Miami prepares to pick next mayor, with climate resilience on the line

By Adam Aton | 12/09/2025 06:15 AM EST

Both candidates have criticized a multimillion-dollar effort to protect the city from flooding.

Republican Emilio González (left) and Democrat Eileen Higgins are competing to be Miami's new mayor.

Republican Emilio González (left) and Democrat Eileen Higgins are competing to be Miami's new mayor. AP

Miami’s next mayor will be decided Tuesday as a former city official competes with a former county officeholder in a runoff to lead one of the most vulnerable U.S. cities to climate impacts.

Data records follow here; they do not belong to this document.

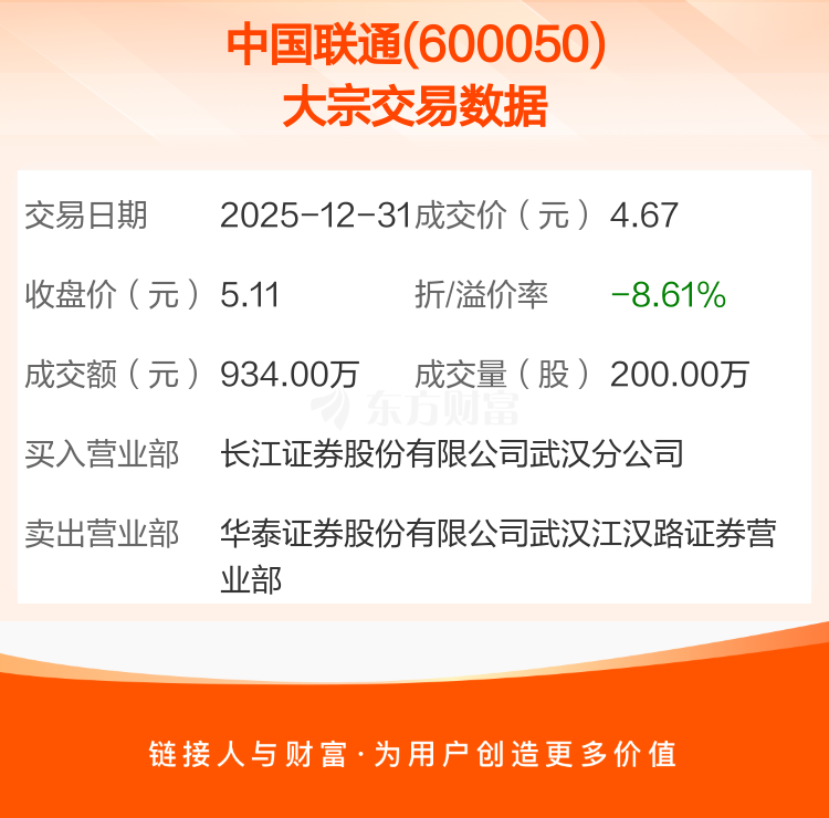 2025年12月31日,中国联通发生1笔大宗交易,共成交200.00万股,成交金额934.00万元。
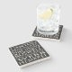 The coasters are gorgeous, a quality feel and heavy weight. They look like a precious archeological find. A rustic stone juxtaposed with a modern floral black and white print. I like the way the print goes slightly imperfect on the cut stone edges giving them a kind-of natural beauty.
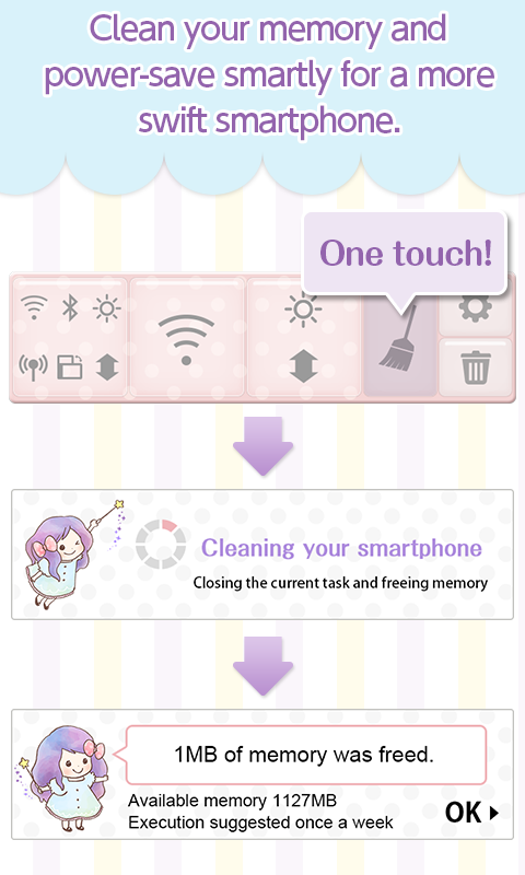 Also clean out your memory (unnecessary temporary data) with one touch

Eileen Higgins, a Democrat and former Miami-Dade County commissioner, and Emilio González, Miami’s former city manager and a member of the Trump administration’s 2016 transition, emerged as the first- and second-place finishers, respectively, in a November election that featured more than a dozen candidates.

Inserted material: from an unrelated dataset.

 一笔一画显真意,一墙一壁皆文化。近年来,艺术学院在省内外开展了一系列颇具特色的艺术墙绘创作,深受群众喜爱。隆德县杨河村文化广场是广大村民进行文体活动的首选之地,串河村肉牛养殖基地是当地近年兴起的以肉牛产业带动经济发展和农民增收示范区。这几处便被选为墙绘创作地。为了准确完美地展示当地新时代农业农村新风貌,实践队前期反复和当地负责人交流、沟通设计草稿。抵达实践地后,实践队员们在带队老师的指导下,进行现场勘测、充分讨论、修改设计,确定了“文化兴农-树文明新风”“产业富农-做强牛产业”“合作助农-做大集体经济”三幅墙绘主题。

Because no candidate cleared 50 percent, Higgins and González advanced to the December runoff. Incumbent Mayor Francis Suarez, who briefly ran in the 2024 Republican presidential primary, is term-limited.

Advertisement

The election winner will take office as Miami spends hundreds of millions of dollars to protect the city from flooding — an effort that both Higgins and González have criticized as too slow and ineffective. They’ll also be grappling with a push by Florida Republicans to curtail local property taxes, which Miami uses to finance its climate resilience work, along with other government services.